[Supplied material Boundary: Start]

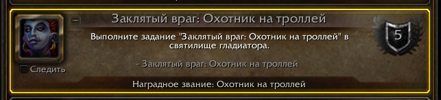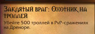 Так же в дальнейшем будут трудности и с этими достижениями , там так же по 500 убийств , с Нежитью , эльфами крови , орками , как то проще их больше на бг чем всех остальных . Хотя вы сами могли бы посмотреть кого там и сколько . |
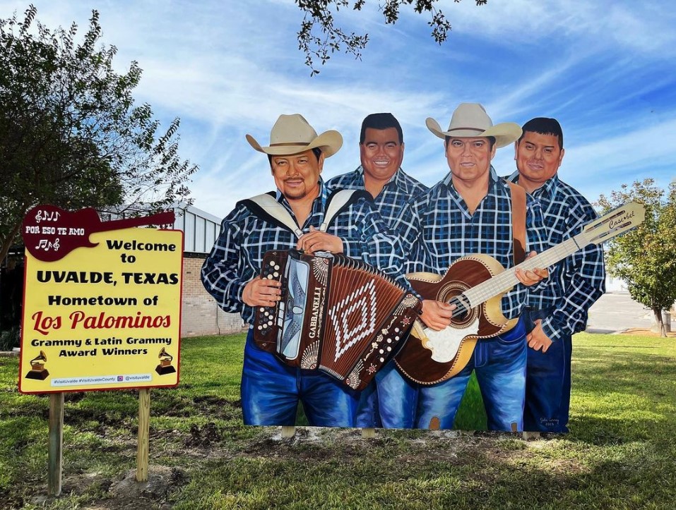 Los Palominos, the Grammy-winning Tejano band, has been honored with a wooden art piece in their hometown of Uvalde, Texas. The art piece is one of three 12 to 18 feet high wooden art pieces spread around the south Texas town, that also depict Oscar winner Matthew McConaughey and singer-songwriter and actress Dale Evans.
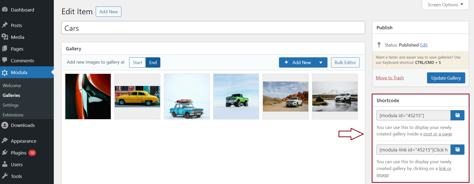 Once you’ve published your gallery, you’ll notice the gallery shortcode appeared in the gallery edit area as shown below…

[Supplied material Boundary: End]

Brief> An exact reproduction of the material above is needed, without its pictures.

Result below>
 Так же в дальнейшем будут трудности и с этими достижениями , там так же по 500 убийств , с Нежитью , эльфами крови , орками , как то проще их больше на бг чем всех остальных . Хотя вы сами могли бы посмотреть кого там и сколько . |
 Los Palominos, the Grammy-winning Tejano band, has been honored with a wooden art piece in their hometown of Uvalde, Texas. The art piece is one of three 12 to 18 feet high wooden art pieces spread around the south Texas town, that also depict Oscar winner Matthew McConaughey and singer-songwriter and actress Dale Evans.
 Once you’ve published your gallery, you’ll notice the gallery shortcode appeared in the gallery edit area as shown below…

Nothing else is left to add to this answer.